I think my generalized anxiety is up, but my social anxiety is down. 
The generilised anxiety also manifests sometimes as a tightness in my diaphragm. Which sometimes messes up my breathing. Especially if my nose is blocked.
I also noticed the pressure inside the head when I increased the dosage to 20mg. But I dont have this when I am on 15mg.
Its weird that its lowering your blood pressure. I have low blood pressure and it hasnt lowered it any more. Its the same as before.


----------



## martyboi (Sep 18, 2009)

the memantine stopped working today :-(
I guess the euphoric effects wore off...Its still helping my mood slightly but it's not worth 50 bucks a month.


----------



## crayzyMed (Nov 2, 2006)

martyboi said:


> the memantine stopped working today :-(
> I guess the euphoric effects wore off...Its still helping my mood slightly but it's not worth 50 bucks a month.

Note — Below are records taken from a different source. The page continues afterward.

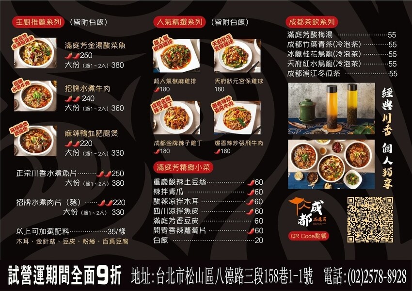 成都滿庭芳川式料理目前為試營運,預計在5月15正式開幕並推出開幕活動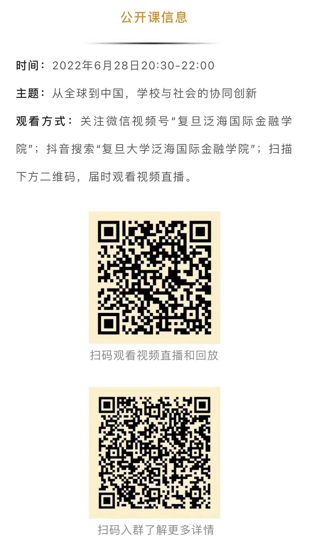 本次公开课将在复旦泛海国际金融学院官方微信视频号直播,同时在2026年足球世界杯直播泛海国际金融学院官方抖音号、复旦金融公开课官方快手号、百度财经、头条财经、中国经营报、腾讯财经、陆想汇、鲸平台、Wind 3C财经会议平台、东方财富浪客等平台全网同步视频直播。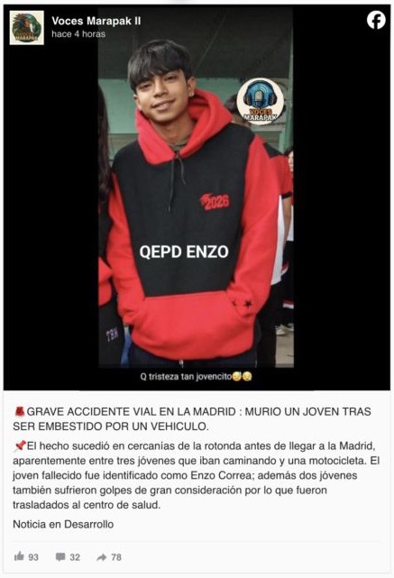 Como consecuencia del impacto, uno de los jóvenes, un adolescente de 16 años domiciliado en La Madrid, falleció en el acto. Los otros dos menores que lo acompañaban, también de 16 años, sufrieron lesiones, aunque en principio no serían de gravedad.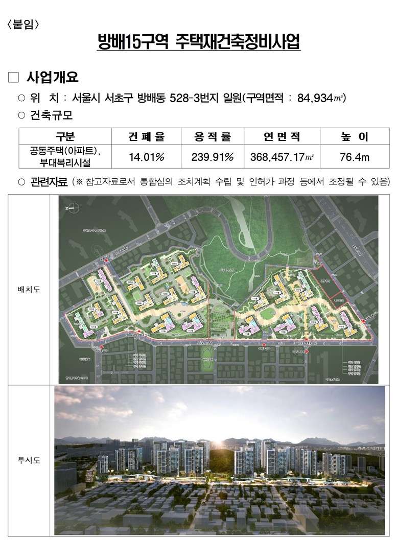 서울시는 9월 30일 제9차 정비사업 통합심의위원회에서 ‘방배15 주택재건축사업’을 위한 건축·경관·교통·교육·공원 분야를 통합심의해 ‘조건부 의결’했다고 밝혔다.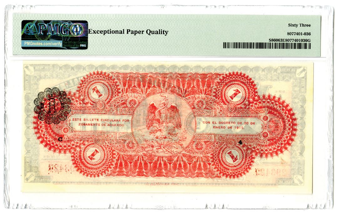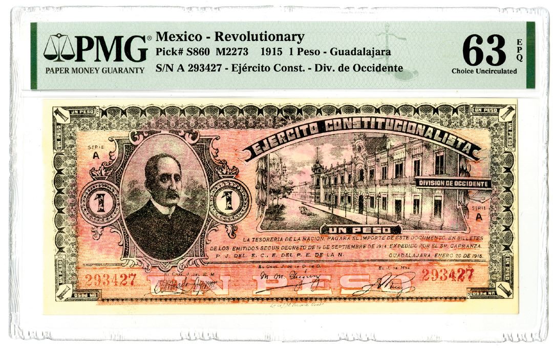 Mexico - Revolutionary. 1915. 1 Peso - Guadalajara, P-S860 M2273, Issued banknote, Black on multicolor, S/N A 293427 - Ejercito Const. - Div. de Occidente, PMG graded Choice Uncirculated 63 EPQ. This note is the highest graded out of 4 graded in the PMG census.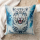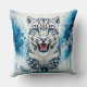 A vivid artwork featuring a roaring white leopard centred amidst a dynamic blue splatter design, emphasising strength, wilderness, and creative flair.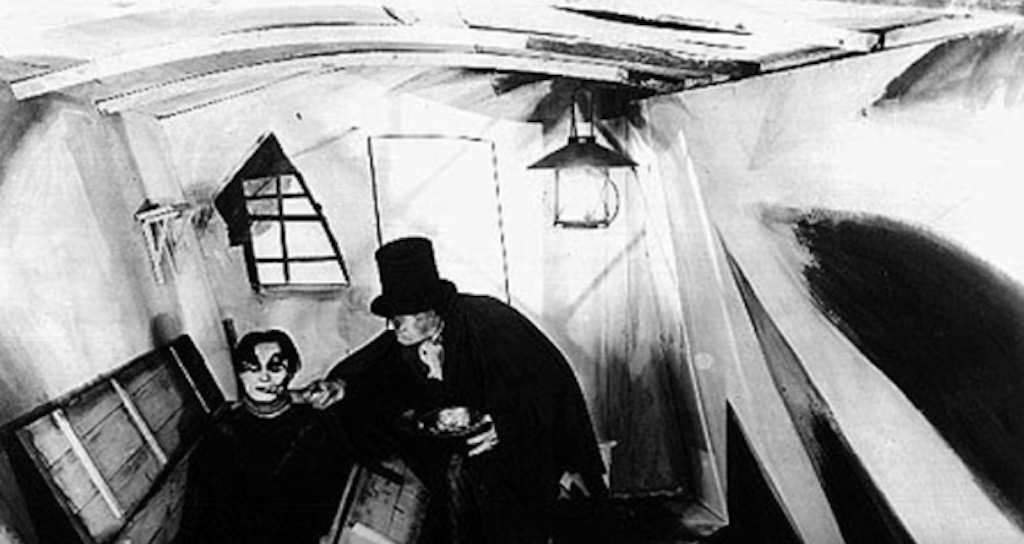 El expresionismo alemán surgió del trauma de posguerra. El gabinete del Dr. Caligari (Robert Wiene, 1920) presentaba decorados pintados con ángulos imposibles, sombras distorsionadas, arquitectura delirante. El mundo exterior reflejaba la psique perturbada de los personajes y de una nación derrotada.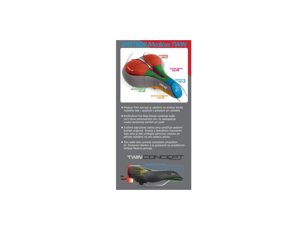Koncepce sedel Medicus-Twin vychází z analýzy stavby lidského těla v souvislosti s cyklistickým pohybem.

Try upping the dose. Under 30mg is not effective for depression, you get a slight mood lift and it helped the first days so that warrents a better dose. 10mg is really low and most of its benefit have been found on 20/30 mg.


----------



## martyboi (Sep 18, 2009)

crayzyMed said:


> Try upping the dose. Under 30mg is not effective for depression, you get a slight mood lift and it helped the first days so that warrents a better dose. 10mg is really low and most of its benefit have been found on 20/30 mg.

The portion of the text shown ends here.